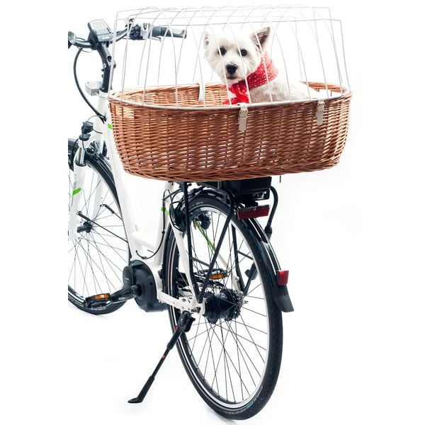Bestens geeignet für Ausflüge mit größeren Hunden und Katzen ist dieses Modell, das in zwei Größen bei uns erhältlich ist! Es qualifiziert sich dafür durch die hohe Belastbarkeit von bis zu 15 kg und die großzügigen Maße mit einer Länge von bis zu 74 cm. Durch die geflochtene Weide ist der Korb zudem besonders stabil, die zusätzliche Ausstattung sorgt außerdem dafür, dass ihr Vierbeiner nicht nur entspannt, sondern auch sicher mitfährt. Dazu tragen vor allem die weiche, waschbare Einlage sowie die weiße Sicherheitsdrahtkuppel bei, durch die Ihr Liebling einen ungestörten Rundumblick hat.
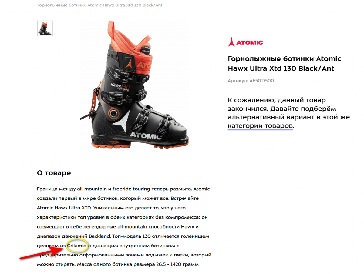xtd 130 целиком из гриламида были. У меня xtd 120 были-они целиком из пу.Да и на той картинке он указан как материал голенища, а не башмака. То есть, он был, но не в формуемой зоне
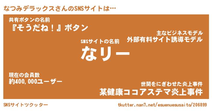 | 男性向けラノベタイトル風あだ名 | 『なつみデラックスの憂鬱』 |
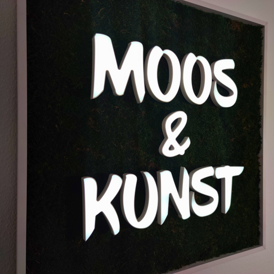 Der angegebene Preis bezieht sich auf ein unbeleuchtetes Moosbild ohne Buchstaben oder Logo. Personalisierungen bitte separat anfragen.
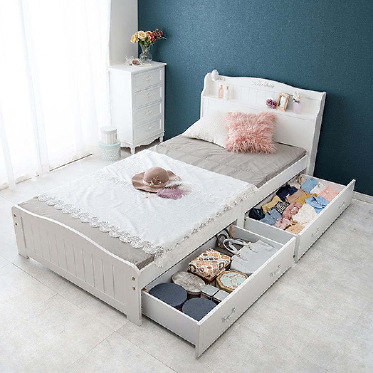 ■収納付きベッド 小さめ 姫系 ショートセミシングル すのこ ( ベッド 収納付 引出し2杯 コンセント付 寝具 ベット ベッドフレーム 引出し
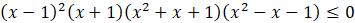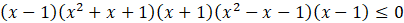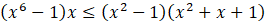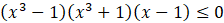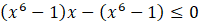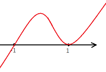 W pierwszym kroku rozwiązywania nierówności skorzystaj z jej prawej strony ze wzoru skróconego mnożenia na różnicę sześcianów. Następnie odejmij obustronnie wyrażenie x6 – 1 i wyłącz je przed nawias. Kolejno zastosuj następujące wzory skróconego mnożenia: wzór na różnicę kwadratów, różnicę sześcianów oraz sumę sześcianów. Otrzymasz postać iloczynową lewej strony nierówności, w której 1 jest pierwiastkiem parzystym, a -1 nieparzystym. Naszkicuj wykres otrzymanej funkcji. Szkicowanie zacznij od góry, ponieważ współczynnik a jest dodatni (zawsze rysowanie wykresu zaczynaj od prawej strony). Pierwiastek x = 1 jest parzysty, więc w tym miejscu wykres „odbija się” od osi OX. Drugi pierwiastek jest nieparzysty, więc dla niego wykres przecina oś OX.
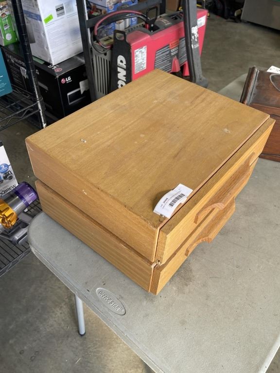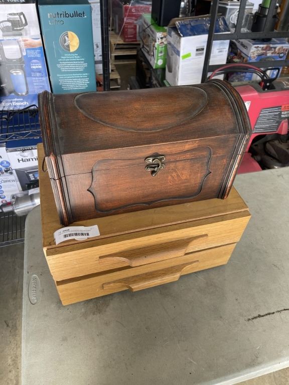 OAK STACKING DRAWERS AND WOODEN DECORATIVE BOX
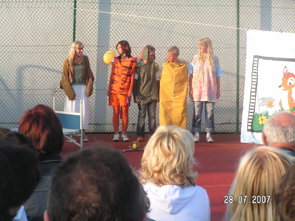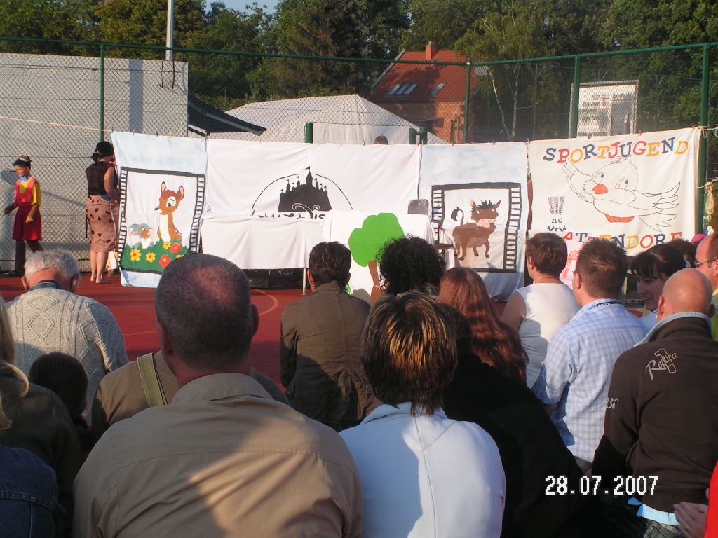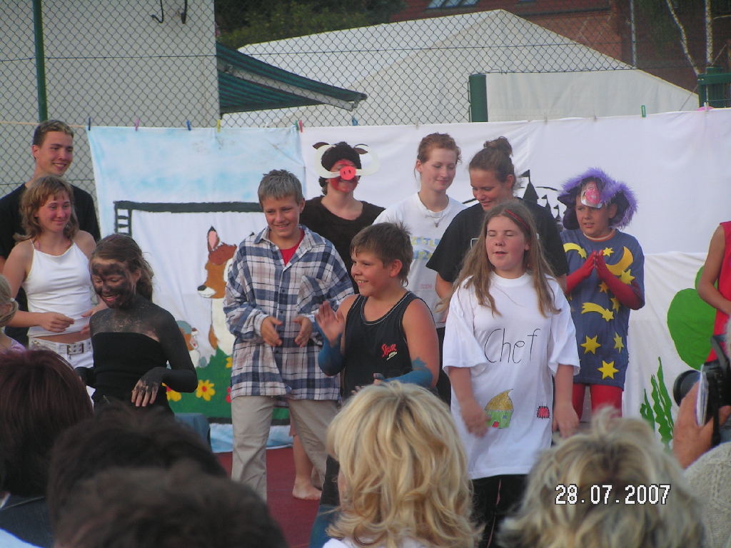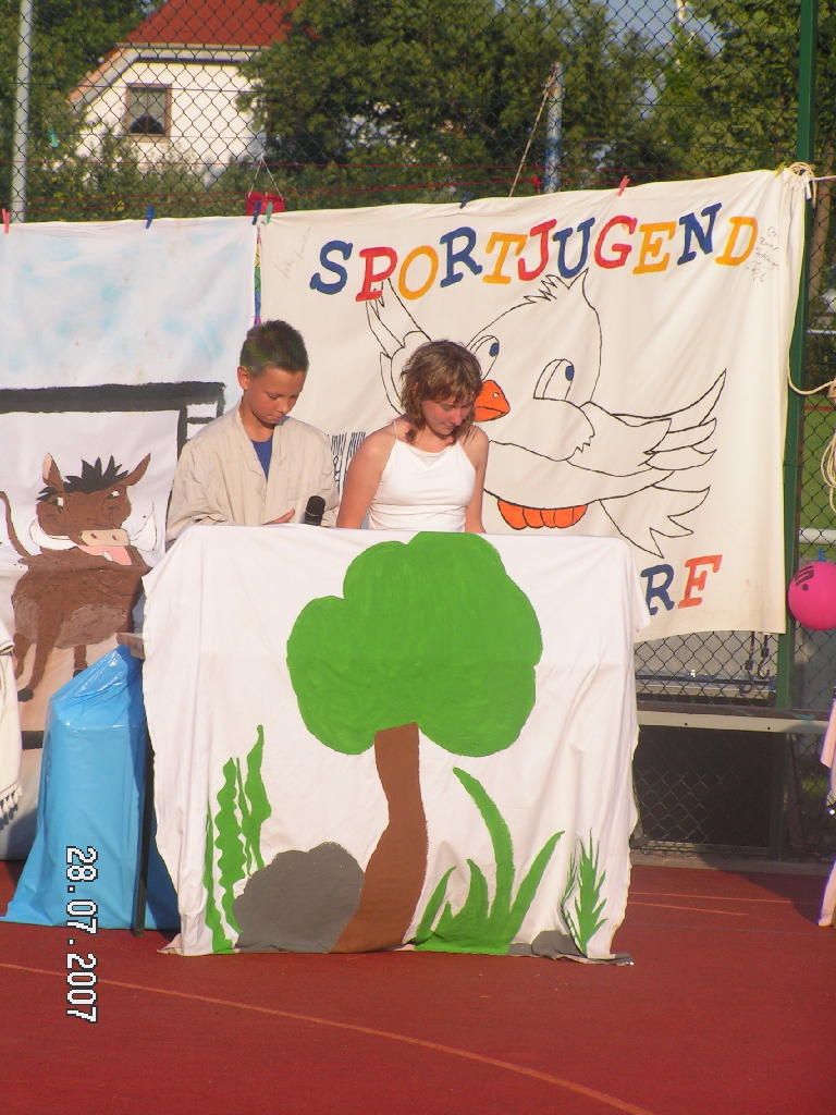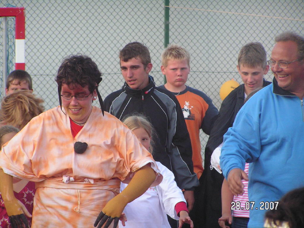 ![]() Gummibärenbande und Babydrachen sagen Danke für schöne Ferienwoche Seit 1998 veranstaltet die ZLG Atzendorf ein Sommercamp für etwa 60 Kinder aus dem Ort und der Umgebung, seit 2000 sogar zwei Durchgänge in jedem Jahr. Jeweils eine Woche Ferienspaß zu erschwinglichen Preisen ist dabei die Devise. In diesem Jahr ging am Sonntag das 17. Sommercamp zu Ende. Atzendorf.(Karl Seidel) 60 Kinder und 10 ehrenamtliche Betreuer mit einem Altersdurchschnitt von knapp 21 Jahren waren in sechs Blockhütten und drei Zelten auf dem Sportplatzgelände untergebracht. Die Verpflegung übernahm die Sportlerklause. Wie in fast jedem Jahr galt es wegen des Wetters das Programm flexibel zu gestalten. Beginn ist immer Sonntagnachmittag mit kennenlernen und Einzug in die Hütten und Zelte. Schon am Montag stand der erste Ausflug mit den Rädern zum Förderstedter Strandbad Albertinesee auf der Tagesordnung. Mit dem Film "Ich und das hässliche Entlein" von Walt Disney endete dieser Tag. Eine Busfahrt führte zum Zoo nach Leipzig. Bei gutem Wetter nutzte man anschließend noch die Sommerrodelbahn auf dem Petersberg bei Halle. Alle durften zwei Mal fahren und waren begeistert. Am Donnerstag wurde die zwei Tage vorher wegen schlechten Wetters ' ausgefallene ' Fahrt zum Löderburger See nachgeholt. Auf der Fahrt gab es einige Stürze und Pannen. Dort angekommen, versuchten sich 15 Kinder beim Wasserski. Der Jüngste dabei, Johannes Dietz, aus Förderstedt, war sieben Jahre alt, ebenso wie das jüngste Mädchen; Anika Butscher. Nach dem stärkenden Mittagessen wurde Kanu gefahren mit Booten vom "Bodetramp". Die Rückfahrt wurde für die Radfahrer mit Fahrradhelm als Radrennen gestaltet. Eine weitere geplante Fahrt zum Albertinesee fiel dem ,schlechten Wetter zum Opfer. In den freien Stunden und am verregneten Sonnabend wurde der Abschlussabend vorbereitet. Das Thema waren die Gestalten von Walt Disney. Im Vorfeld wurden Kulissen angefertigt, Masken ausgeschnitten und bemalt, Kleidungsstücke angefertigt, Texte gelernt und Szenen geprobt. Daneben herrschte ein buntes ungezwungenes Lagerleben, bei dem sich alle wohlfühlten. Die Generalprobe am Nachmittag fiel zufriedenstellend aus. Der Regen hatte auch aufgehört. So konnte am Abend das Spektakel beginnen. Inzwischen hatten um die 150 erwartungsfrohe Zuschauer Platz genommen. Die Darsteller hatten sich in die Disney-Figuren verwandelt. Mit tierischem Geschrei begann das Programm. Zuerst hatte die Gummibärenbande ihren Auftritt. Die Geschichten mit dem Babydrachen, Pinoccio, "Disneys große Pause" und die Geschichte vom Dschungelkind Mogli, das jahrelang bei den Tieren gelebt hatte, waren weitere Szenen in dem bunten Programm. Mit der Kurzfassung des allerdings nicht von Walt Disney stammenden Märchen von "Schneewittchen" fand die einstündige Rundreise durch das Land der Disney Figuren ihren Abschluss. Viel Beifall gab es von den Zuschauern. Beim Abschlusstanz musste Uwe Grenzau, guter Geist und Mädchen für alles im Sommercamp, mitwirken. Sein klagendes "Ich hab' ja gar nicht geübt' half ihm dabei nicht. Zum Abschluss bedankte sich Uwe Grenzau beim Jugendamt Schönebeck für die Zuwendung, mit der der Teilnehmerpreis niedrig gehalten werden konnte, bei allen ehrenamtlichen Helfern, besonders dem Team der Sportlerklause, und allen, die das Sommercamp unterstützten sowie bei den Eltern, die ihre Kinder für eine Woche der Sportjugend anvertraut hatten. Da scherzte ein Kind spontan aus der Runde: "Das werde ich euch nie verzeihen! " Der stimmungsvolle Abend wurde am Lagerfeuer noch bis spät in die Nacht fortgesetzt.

* * *

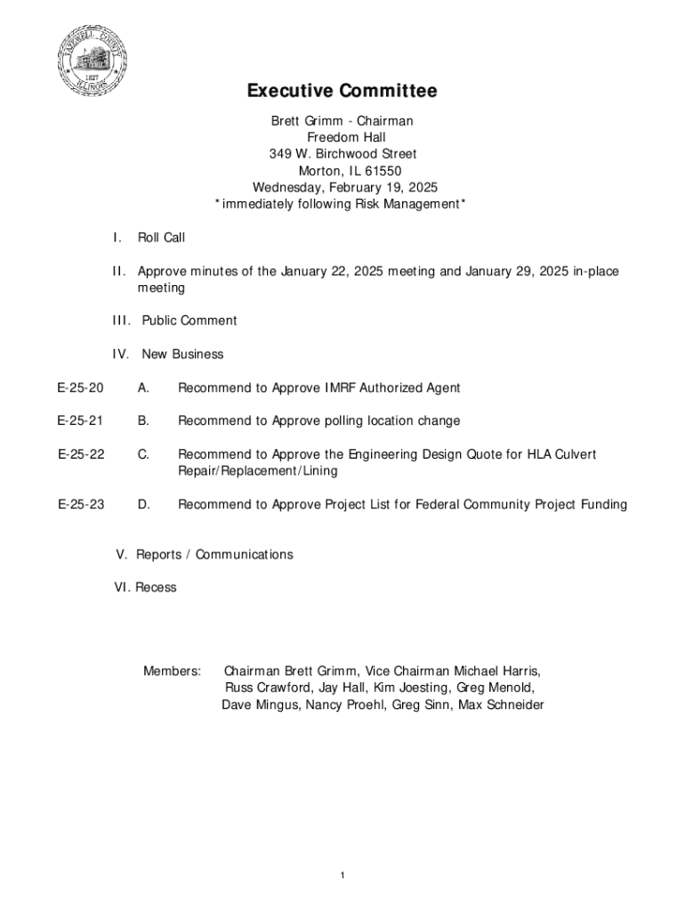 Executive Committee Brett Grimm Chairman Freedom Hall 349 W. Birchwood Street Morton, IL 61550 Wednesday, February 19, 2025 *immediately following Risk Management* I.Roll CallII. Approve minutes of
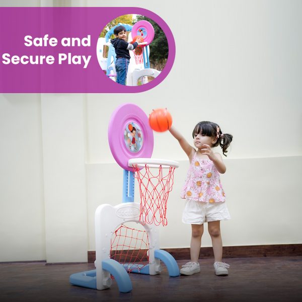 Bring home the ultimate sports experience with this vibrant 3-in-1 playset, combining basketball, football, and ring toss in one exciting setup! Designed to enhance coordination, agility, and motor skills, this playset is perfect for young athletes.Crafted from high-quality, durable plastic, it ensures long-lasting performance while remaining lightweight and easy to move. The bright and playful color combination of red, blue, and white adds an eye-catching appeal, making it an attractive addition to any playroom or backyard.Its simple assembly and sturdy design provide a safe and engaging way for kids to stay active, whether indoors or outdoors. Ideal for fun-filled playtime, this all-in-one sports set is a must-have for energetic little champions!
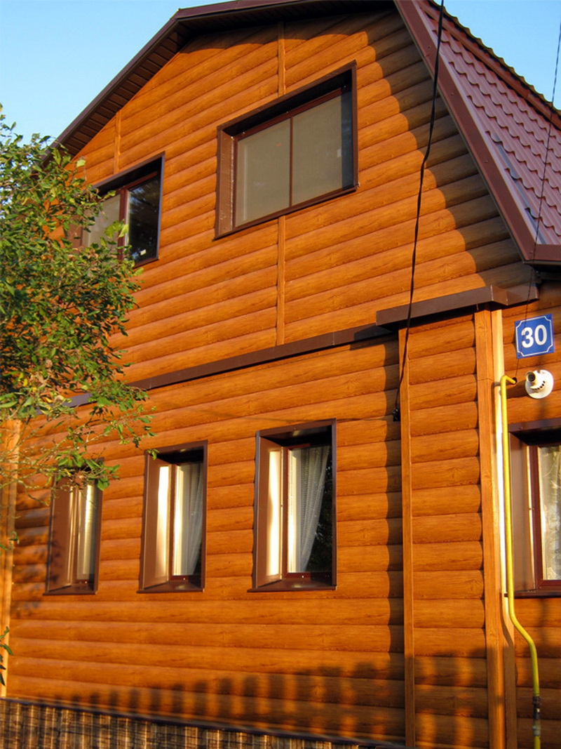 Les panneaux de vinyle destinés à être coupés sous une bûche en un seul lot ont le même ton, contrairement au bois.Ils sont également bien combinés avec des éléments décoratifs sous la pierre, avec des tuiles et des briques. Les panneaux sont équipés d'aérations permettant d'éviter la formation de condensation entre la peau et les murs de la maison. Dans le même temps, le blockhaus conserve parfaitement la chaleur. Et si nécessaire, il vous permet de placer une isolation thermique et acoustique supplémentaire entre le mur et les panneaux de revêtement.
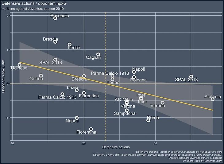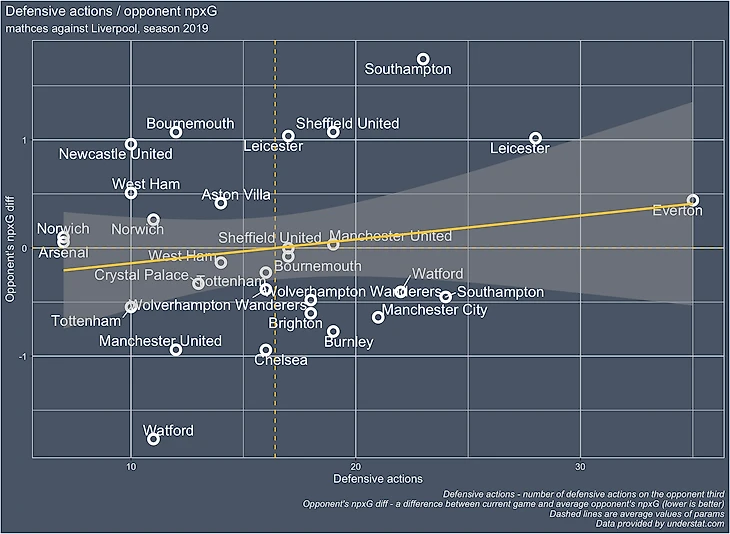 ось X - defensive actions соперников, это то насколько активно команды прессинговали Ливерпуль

§ TO DO
When you reach the line that has "Bestens geeignet für" in the data above, start repeating lines exactly, and stop after the line that has "ベット ベッドフレーム 引出し"; pictures stay out.

§ FINISHED EXERCISE
Bestens geeignet für Ausflüge mit größeren Hunden und Katzen ist dieses Modell, das in zwei Größen bei uns erhältlich ist! Es qualifiziert sich dafür durch die hohe Belastbarkeit von bis zu 15 kg und die großzügigen Maße mit einer Länge von bis zu 74 cm. Durch die geflochtene Weide ist der Korb zudem besonders stabil, die zusätzliche Ausstattung sorgt außerdem dafür, dass ihr Vierbeiner nicht nur entspannt, sondern auch sicher mitfährt. Dazu tragen vor allem die weiche, waschbare Einlage sowie die weiße Sicherheitsdrahtkuppel bei, durch die Ihr Liebling einen ungestörten Rundumblick hat.
xtd 130 целиком из гриламида были. У меня xtd 120 были-они целиком из пу.Да и на той картинке он указан как материал голенища, а не башмака. То есть, он был, но не в формуемой зоне
 | 男性向けラノベタイトル風あだ名 | 『なつみデラックスの憂鬱』 |
 Der angegebene Preis bezieht sich auf ein unbeleuchtetes Moosbild ohne Buchstaben oder Logo. Personalisierungen bitte separat anfragen.
 ■収納付きベッド 小さめ 姫系 ショートセミシングル すのこ ( ベッド 収納付 引出し2杯 コンセント付 寝具 ベット ベッドフレーム 引出し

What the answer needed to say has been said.